Adding property rraSector with value Sector1 to hash table for empId 1234
Adding property rraCPractice with value MP54321 to hash table for empId 1234
Updating employeeId 1234 with 2 custom attrib updates
Adding property rraPractice with value P58392 to hash table for empId 1235
Adding property rraCPractice with value MP53622 to hash table for empId 1235
Updating employeeId 1235 with 2 custom attrib updates
Adding property rraSector with value Sector5 to hash table for empId 1236
Updating employeeId 1236 with 1 custom attrib updates
Skipping employeeId 1237, no updates to perform

Also remember to put a try\catch around the Set-ADUser.

That seemed to do the trick!
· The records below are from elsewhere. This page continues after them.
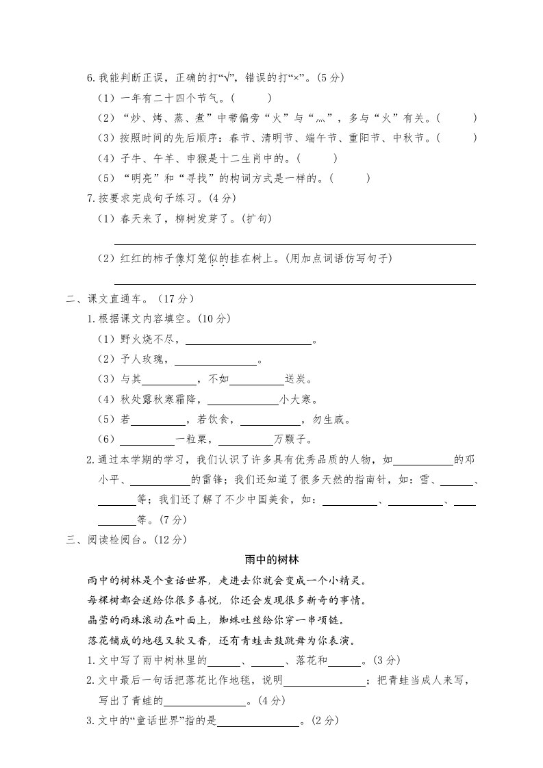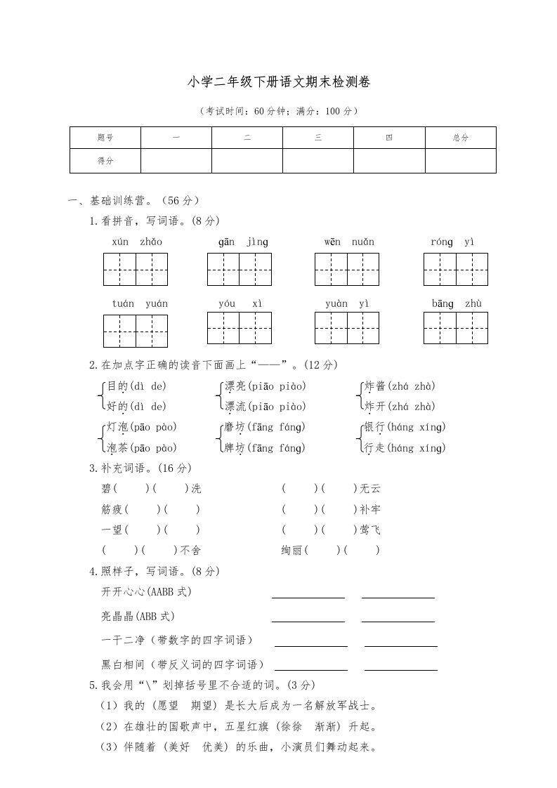 当前位置: 首页小学资源小学二年级正文 二年级语文下册期末试卷6_共4页 小学二年级 1 周前 0 0 5 以上为部分内容预览,如需源文档请登录您的会员账号进行下载! 声明:本站所有文章,如无特殊说明或标注,均为本站原创发布。任何个人或组织,在未征得本站同意时,禁止复制、盗用、采集、发布本站内容到任何网站、书籍等各类媒体平台。如若本站内容侵犯了原著者的合法权益,可联系我们进行处理。 尚学资源永久会员 打赏 收藏 海报 链接
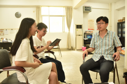 随后是正式的采访,现场有负责记录、录音以及摄影的队员。因为在展示区主任对潮剧教育板块做了一个浅显的说明,于是队员们以此作引,根据准备好的采访问题,与教导主任开始了由浅至深的交流。在这过程中,关于潮剧与网络文化、潮剧教育与网络对接的问题教导主任都给出了非常独到的见解和颇为语重心长的建议。他认为目前广为人知的“可持续发展”观念也同样适用于潮剧“上网”这一新兴的过程。但同时他也毫不避讳地表示潮剧“上网”的成效是非常不显著的,并且给队员们简单分析了背后的直接和间接原因,对此,队员们受益匪浅,发现潮剧真真正正想要在网络上有所作为是需要多方力量共同努力的,其中,足够的财力政策支持更是潮剧在网络时代能够有所突破的重要原因。
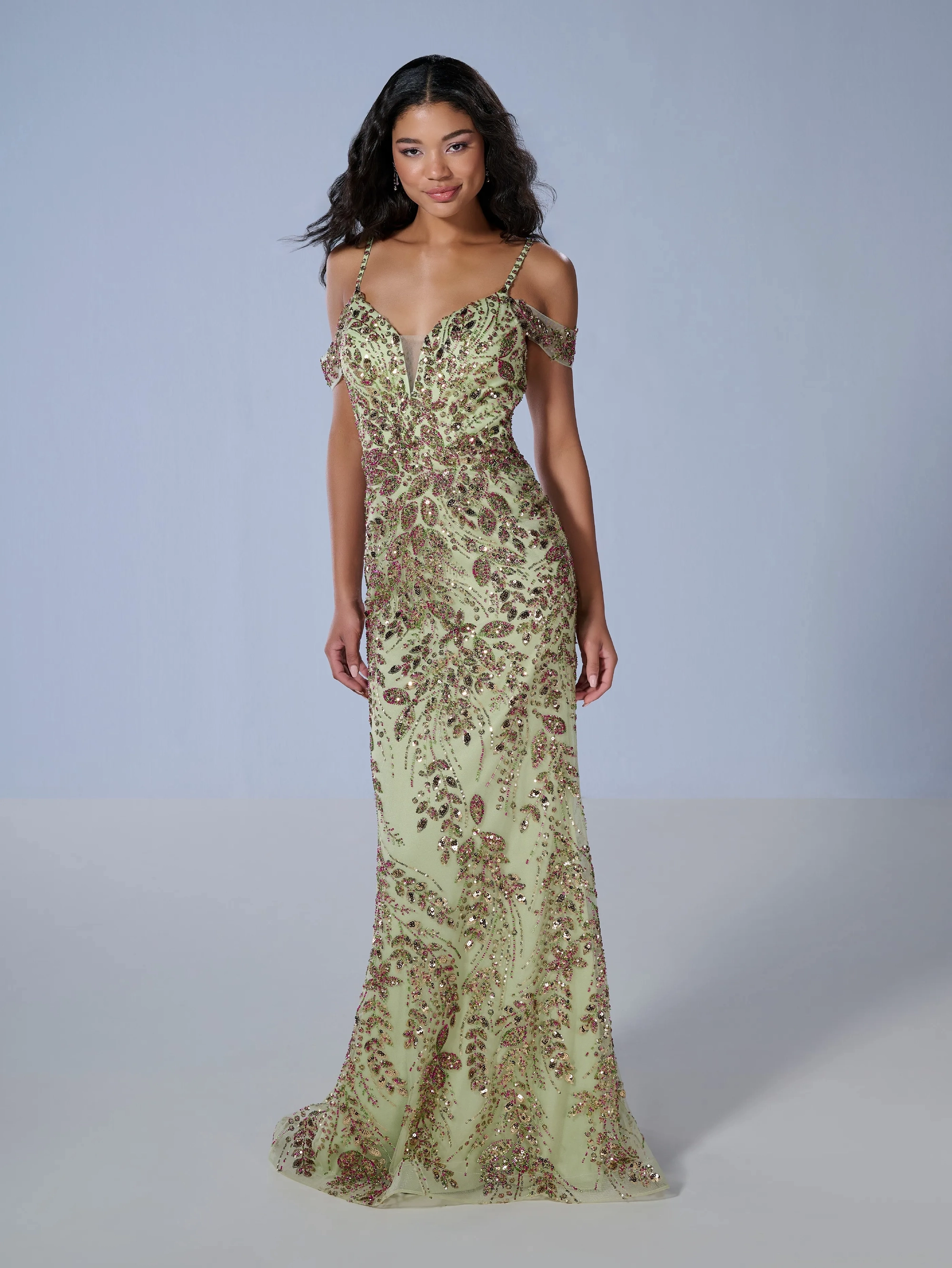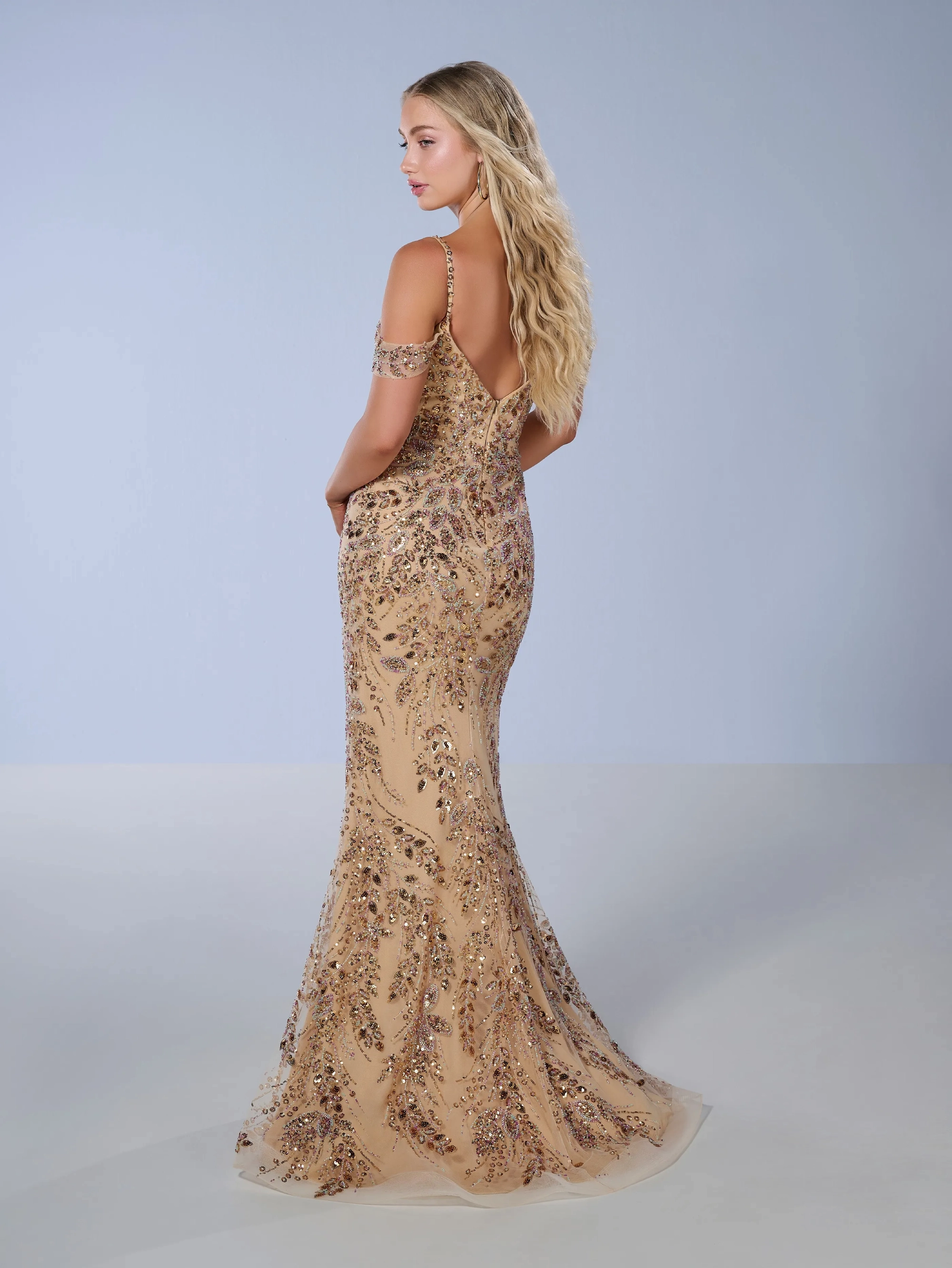 A fit and flare fitted illusion neckline gown made with gold coast beaten mesh fabric. Gown also comes with detachable swag sleeves.
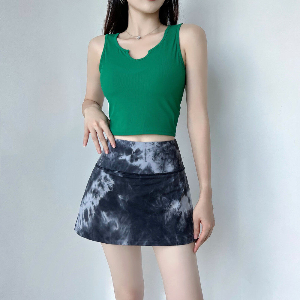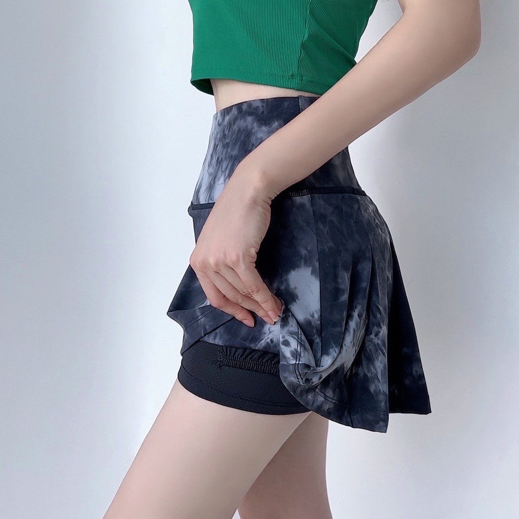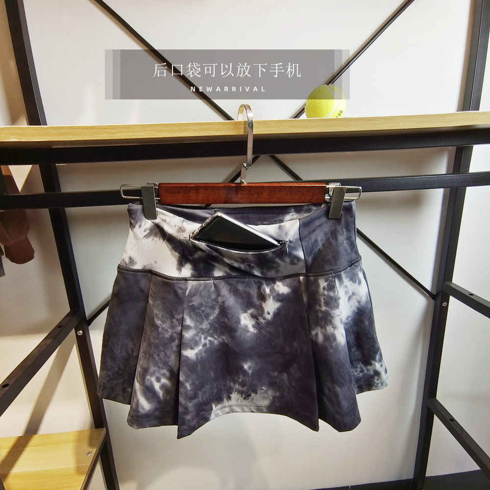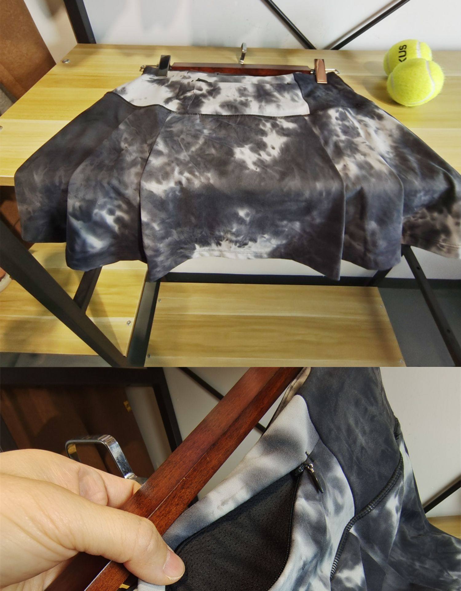 Spring and Summer New Style Short Skirt, Anti-Exposure Sports Skirt, High-Waisted Professional Sports Tennis Skirt for Women, Tie-Dye, Non-Slip, with Pockets

I had that in my head to do that but there must’ve been a disconnect between there and my fingers! Thanks for the second set of eyes.

This is interesting. The information in $csvData - is that assumed to be from the imported .csv file?

Yes, that is just a method to emulate an Import-CSV and get some data in for testing, but the raw data can be seen in the script vs providing a separate CSV. Use it all the time to quickly build objects to test\mock things up. Just replace the here-string with Import-CSV, add the remaining column mapping and then test, test and test more!